Field, Type, Default	Description
provider string	Provider of credentials. This is an identifier that could help locating where the credentials are stored.
protocol string	Protocol to use to access the service
location string	Location of the service. This is used where there are multiple places that the same service can be provided, but we want to access the most local one.
id string	User ID to use to access the service. This is sometimes called the key ID or user name.
secret string	Secret key to use to access the service. This is sometimes called the access key or password. It is secret and sensitive.
extra JSON	Extra configuration needed to access the service. Some service providers require extra information that can't be added to the rest of the fields, and that information should go here. See the documentation for the service providers for more information.
validUntil Date `"1970-01-01T00:00:00Z"`	Time until which the credential is valid. After this date the credentials should not be used; instead a new call should be made to get new credentials.

There are examples of credentials under the Url page.

Credentials can be passed in to MLDB in batch mode via one or both of the following means:

Passing them on the command line in a JSON blob, using the --add-credential command line option, with the credentials following. This can be used multiple times to pass in multiple credentials objects.
Putting them into a file, and providing the URL of the file to the --add-credentials-url command line option. If credentials are needed to access the URL, then they should be added using the --add-credential option before hand.

The contents of the file at the URL can either be:
- A text file with JSON credentials objects one after the other, or
- A text file containing one JSON array, with each element of the array being a JSON credentials object.
- Using the REST API as documented in Url page.

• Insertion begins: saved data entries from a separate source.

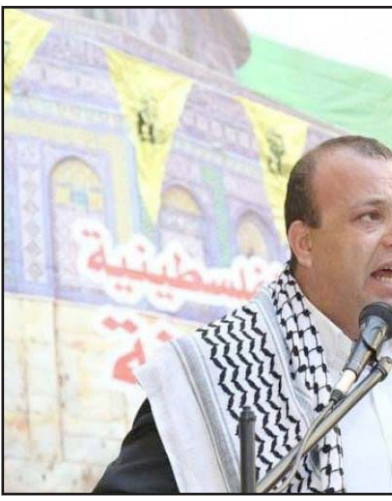
عضو اللجنة السياسية لمنظمة التحرير الفلسطينية أسامة القواسمي (فيديو)

ويؤكد في مقال له نشره في المركز الفلسطيني لأبحاث السياسات والدراسات الاستراتيجية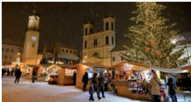
Vianočné trhy v Banskej Bystrici.

Najkrajšie sviatky v roku sa nezadržateľne blížia a aj do mesta pod Urpínom prinesú nezameniteľnú vianočnú náladu. Vianočný stromček, tisíce svetielok vianočnej výzdoby, ekologické vianočné trhy plné chuti a vône, zvyky a tradície s bohatým kultúrnym programom. To všetko sa v srdci Banskej Bys-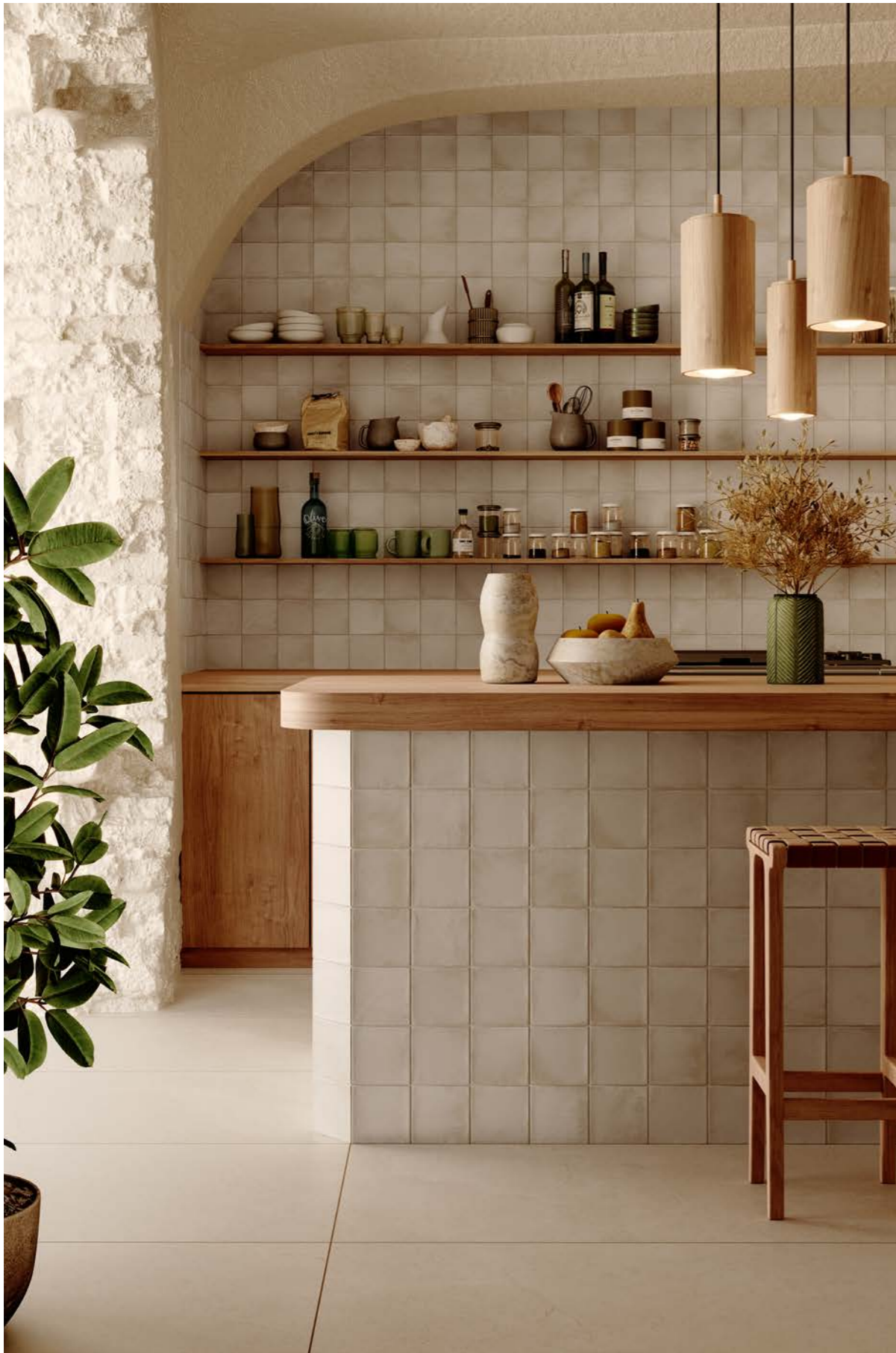
Fez Taupe 12x12 cm - 4.7" x 4.7"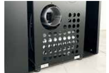
USCITA FUMI ORIZZONTALE O VERTICALE Horizontal or vertical flue gas outlet Evacuation des fumées horizontale ou verticale Horizontale oder vertikale abgasführung Salida de humos horizontal o vertical Horizontale of verticale rookgasafvoer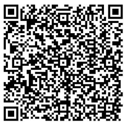
酷課 APP 懶人包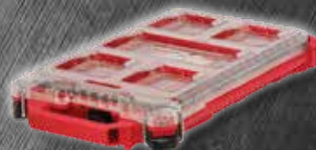
Organiseur compact à profil bas PACKOUT MC , 48-22-8436 33 95 $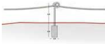
Fig (5). Mobiliario Baranda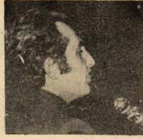
Türk Harb-İş Genel Başkanı Kenan Durukan'ın Türkiye-Yunanistan dostluğunu ve Ege konularında dergimize verdiği demeci yayınıyoruz.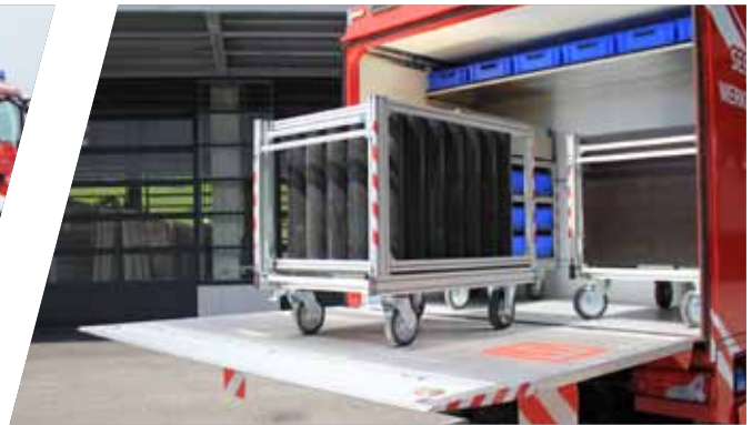
Platzsparende Rollcontainer-Variante Space-saving version of a roll-on container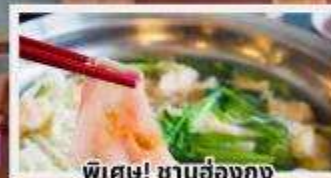
พิเศษ! ชาบูฮ่องกง

Loading plugins in batch mode

MLDB will not automatically load any plugins in batch mode. To make it do so, add the --plugin-directory <dir> option to the command line. If the directory contains an mldb_plugin.json file, then that will be loaded immediately. If the directory contains no mldb_plugin.json file, but does contain subdirectories, than each subdirectory will be scanned recursively and found plugins loaded.

Note that at a minimum, you will likely want to load up plugins from /opt/mldb/plugins as in the above examples.

Muting last log on error

When MLDB ends with an error condition, by default it logs data about the run. It can be disabled by using the --mute-final-output flag.

Environment Variables (advanced usage)

The following environment variables control MLDB:

RETURN_OS_MEMORY (0 or 1, default 1): if this is set (which it is by default), the whole set of deallocated memory will be returned to the OS whenever a dataset is destroyed. If you observe long pauses after a dataset is destroyed and have a dedicated machine or a container with dedicated memory, you can set this to 0 to disable that behavior.
PRINT_OS_MEMORY (0 or 1, default 0): if this is set (it is not set by default), then each time a dataset is destroyed, the memory usage will be written to the console. In addition, if RETURN_OS_MEMORY=1 then the memory usage will be re-printed after the memory is returned to the operating system.